_WORK TO BE COMPLETED_: Exact copy, no pictures: repeat the data that follows.

_DATA BLOCK_:
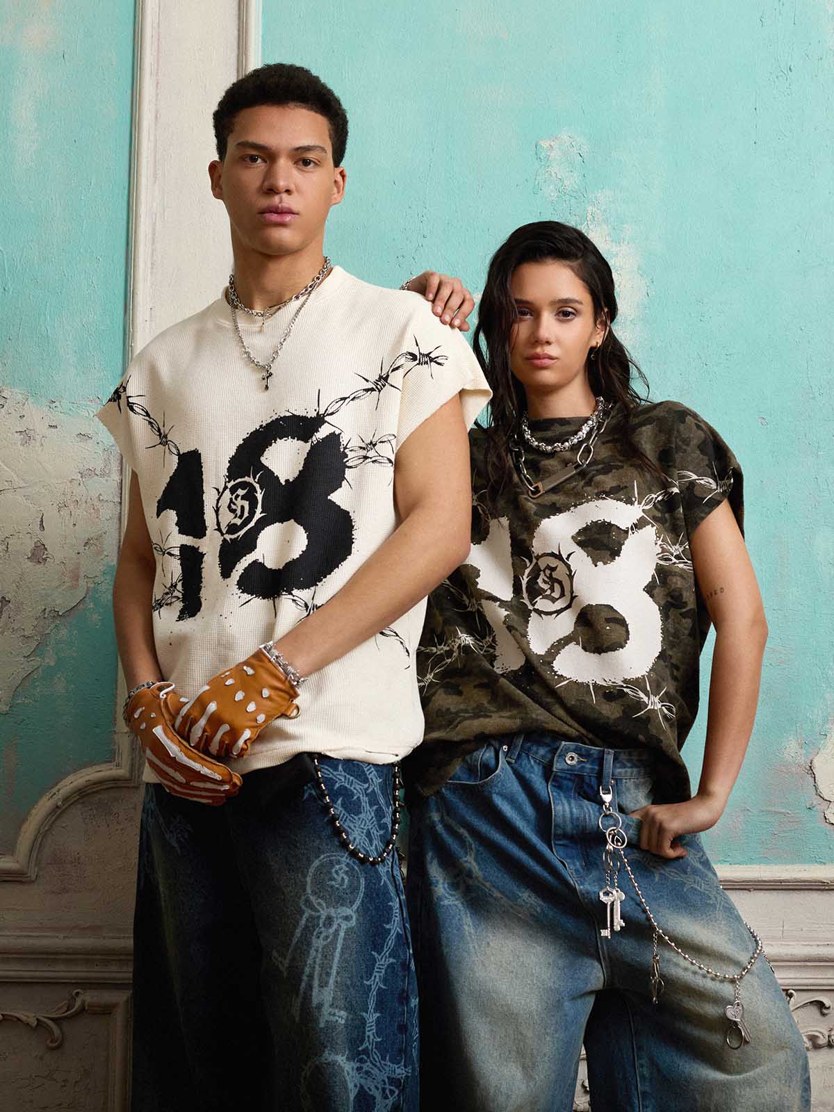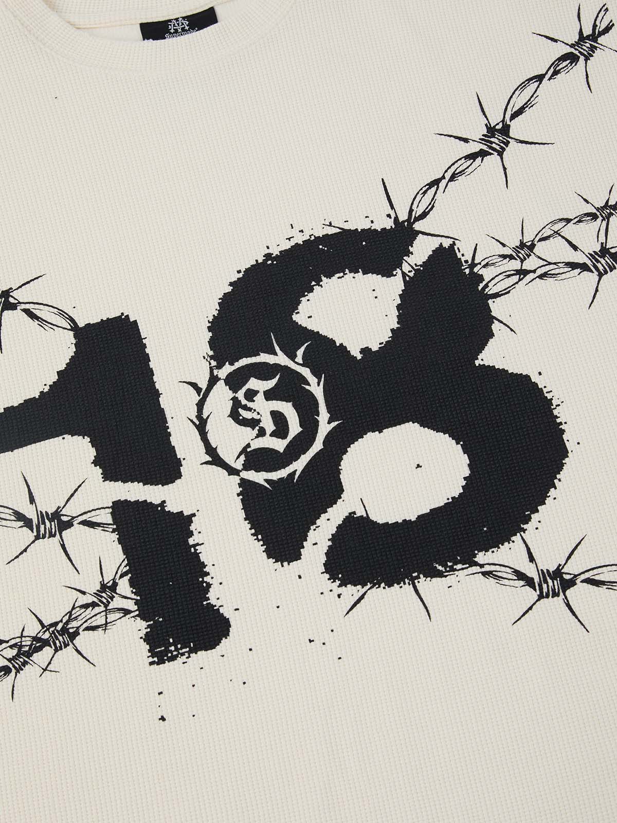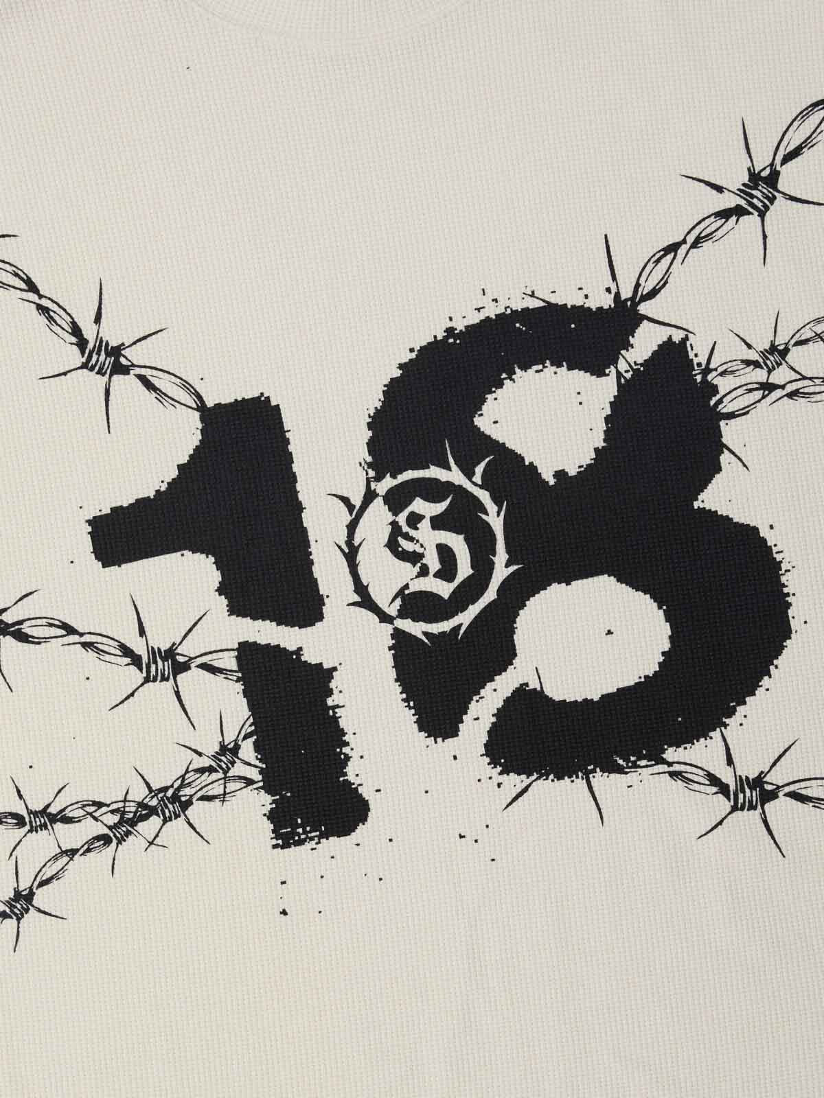 Crafted from textured waffle fabric, this sleeveless T-shirt features a bold “18” number print across the front combined with thorn graphics running diagonally across the body. The contrast between the dark print and the light base highlights the layered design, while the waffle texture adds extra depth and structure to the piece.
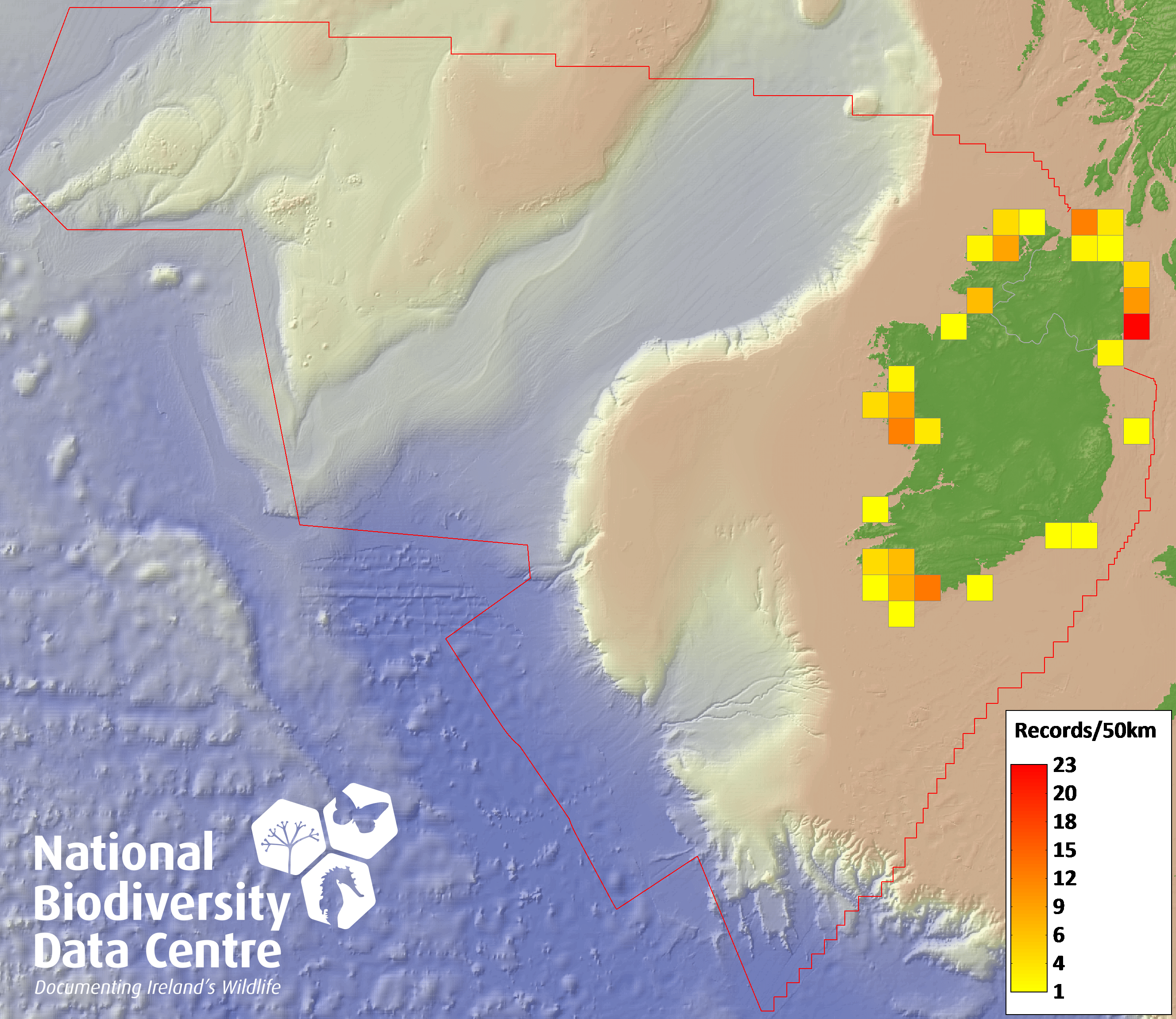 Distribution of the number of records recorded within each 10km grid square (ITM).Marine Map - 50km
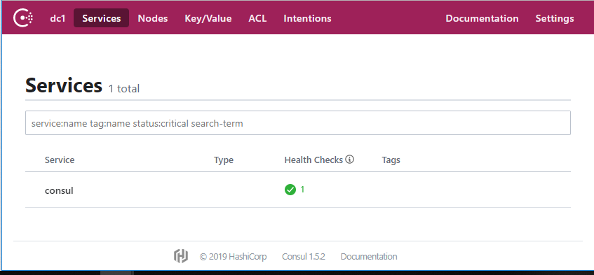 $ docker run -di -h consul -p 8500:8500 --name=consul consul:1.5.2
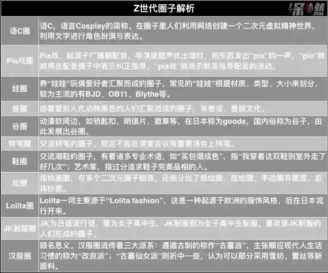 比如将社交网络上的虚拟游戏模式发挥到极致,诞生出语C圈、Pia戏圈;对生活兴趣爱好投入到极致,出现了鞋圈、笔圈、绘圈、滑板圈等各色圈层;当然,前卫新潮的小众文化他们也不会落下,娃圈、谷圈、兽圈也都活跃着他们的身影。

_ANSWER FOR THIS EXERCISE_:
 Crafted from textured waffle fabric, this sleeveless T-shirt features a bold “18” number print across the front combined with thorn graphics running diagonally across the body. The contrast between the dark print and the light base highlights the layered design, while the waffle texture adds extra depth and structure to the piece.
 Distribution of the number of records recorded within each 10km grid square (ITM).Marine Map - 50km
 $ docker run -di -h consul -p 8500:8500 --name=consul consul:1.5.2
 比如将社交网络上的虚拟游戏模式发挥到极致,诞生出语C圈、Pia戏圈;对生活兴趣爱好投入到极致,出现了鞋圈、笔圈、绘圈、滑板圈等各色圈层;当然,前卫新潮的小众文化他们也不会落下,娃圈、谷圈、兽圈也都活跃着他们的身影。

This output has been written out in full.